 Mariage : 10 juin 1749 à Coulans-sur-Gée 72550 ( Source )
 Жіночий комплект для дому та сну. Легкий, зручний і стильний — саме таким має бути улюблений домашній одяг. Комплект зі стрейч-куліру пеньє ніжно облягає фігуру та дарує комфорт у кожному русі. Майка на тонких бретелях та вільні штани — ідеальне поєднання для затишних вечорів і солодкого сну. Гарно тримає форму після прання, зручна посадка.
---
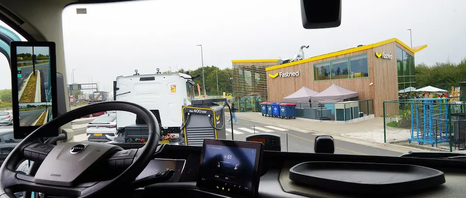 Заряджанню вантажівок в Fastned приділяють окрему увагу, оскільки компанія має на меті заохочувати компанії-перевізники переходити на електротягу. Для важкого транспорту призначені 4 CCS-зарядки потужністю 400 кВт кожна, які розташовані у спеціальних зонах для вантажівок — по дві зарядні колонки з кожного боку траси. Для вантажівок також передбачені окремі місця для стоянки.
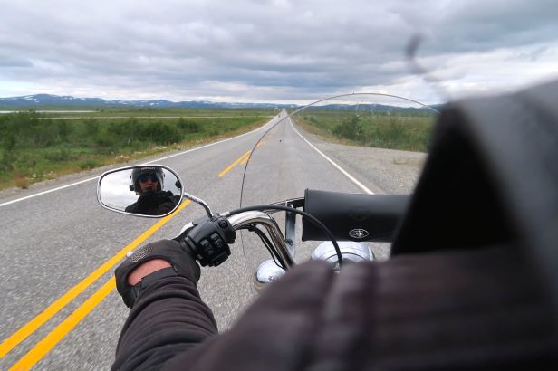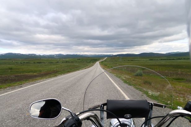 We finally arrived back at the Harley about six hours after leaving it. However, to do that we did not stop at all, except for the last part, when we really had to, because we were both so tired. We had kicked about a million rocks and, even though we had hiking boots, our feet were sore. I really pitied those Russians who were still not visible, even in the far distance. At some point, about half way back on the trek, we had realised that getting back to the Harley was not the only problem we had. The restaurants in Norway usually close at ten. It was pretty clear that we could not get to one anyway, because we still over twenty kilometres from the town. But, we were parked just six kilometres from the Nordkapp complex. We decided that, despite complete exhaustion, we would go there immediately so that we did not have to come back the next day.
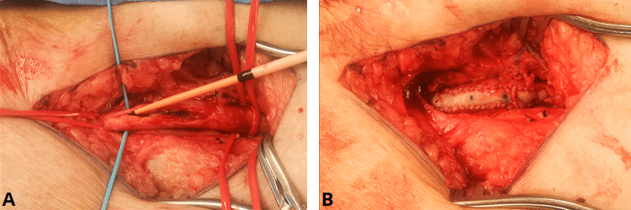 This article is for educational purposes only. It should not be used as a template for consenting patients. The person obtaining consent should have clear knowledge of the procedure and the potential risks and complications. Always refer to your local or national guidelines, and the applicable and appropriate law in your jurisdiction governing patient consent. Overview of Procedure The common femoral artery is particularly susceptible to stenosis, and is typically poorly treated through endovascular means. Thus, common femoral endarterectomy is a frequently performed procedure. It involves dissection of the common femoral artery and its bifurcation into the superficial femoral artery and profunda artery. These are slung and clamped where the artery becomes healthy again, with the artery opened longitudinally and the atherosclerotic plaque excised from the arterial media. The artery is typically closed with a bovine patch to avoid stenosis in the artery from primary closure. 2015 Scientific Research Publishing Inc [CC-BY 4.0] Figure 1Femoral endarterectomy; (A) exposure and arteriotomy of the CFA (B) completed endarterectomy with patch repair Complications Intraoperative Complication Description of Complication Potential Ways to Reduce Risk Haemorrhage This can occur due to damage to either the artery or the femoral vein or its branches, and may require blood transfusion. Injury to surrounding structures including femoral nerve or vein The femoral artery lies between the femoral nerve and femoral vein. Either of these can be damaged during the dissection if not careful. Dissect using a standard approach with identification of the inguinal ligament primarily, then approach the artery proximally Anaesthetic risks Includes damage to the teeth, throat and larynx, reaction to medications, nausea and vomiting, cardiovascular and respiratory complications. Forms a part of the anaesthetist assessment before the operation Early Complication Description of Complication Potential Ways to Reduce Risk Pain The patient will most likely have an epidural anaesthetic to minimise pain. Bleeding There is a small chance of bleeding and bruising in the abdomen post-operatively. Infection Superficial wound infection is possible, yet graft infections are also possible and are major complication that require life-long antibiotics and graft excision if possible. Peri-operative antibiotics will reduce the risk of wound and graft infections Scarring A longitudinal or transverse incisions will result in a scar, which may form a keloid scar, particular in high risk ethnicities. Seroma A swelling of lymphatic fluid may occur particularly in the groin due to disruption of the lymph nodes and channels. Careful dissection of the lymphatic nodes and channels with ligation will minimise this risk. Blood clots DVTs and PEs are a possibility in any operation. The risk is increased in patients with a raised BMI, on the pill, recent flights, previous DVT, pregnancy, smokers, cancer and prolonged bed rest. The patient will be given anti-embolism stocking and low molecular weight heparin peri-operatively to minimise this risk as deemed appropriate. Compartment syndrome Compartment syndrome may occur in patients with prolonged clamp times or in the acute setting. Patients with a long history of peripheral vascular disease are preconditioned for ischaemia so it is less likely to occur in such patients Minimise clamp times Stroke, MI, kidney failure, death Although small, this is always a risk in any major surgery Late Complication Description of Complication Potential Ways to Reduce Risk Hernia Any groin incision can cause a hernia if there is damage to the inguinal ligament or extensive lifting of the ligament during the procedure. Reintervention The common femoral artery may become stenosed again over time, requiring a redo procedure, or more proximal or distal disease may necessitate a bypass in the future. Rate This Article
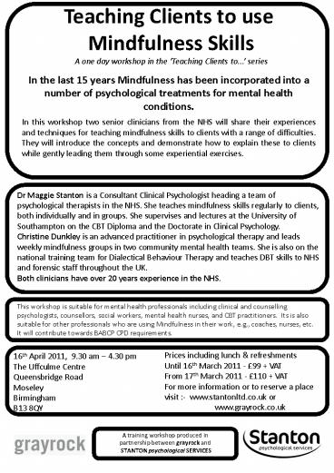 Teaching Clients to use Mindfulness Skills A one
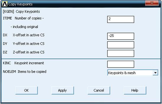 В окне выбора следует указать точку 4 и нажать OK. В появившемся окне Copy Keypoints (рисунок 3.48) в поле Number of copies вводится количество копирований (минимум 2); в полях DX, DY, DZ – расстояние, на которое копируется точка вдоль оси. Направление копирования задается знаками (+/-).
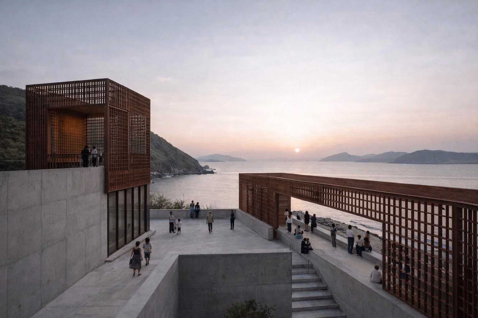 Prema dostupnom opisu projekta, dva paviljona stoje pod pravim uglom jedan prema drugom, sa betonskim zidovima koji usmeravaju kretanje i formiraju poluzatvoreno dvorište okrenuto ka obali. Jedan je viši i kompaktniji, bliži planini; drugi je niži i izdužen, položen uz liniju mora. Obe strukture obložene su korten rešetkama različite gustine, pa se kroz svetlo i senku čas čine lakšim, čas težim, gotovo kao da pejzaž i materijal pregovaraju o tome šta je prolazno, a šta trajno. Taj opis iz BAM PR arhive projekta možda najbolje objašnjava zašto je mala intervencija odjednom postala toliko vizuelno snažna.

> **Exercise goal**
What you write must match the listing exactly, from the line with "Teaching Clients to" up to and including the line with "Prema dostupnom opisu". Pictures stay out.

> **Exercise solution**
 Teaching Clients to use Mindfulness Skills A one
 В окне выбора следует указать точку 4 и нажать OK. В появившемся окне Copy Keypoints (рисунок 3.48) в поле Number of copies вводится количество копирований (минимум 2); в полях DX, DY, DZ – расстояние, на которое копируется точка вдоль оси. Направление копирования задается знаками (+/-).
 Prema dostupnom opisu projekta, dva paviljona stoje pod pravim uglom jedan prema drugom, sa betonskim zidovima koji usmeravaju kretanje i formiraju poluzatvoreno dvorište okrenuto ka obali. Jedan je viši i kompaktniji, bliži planini; drugi je niži i izdužen, položen uz liniju mora. Obe strukture obložene su korten rešetkama različite gustine, pa se kroz svetlo i senku čas čine lakšim, čas težim, gotovo kao da pejzaž i materijal pregovaraju o tome šta je prolazno, a šta trajno. Taj opis iz BAM PR arhive projekta možda najbolje objašnjava zašto je mala intervencija odjednom postala toliko vizuelno snažna.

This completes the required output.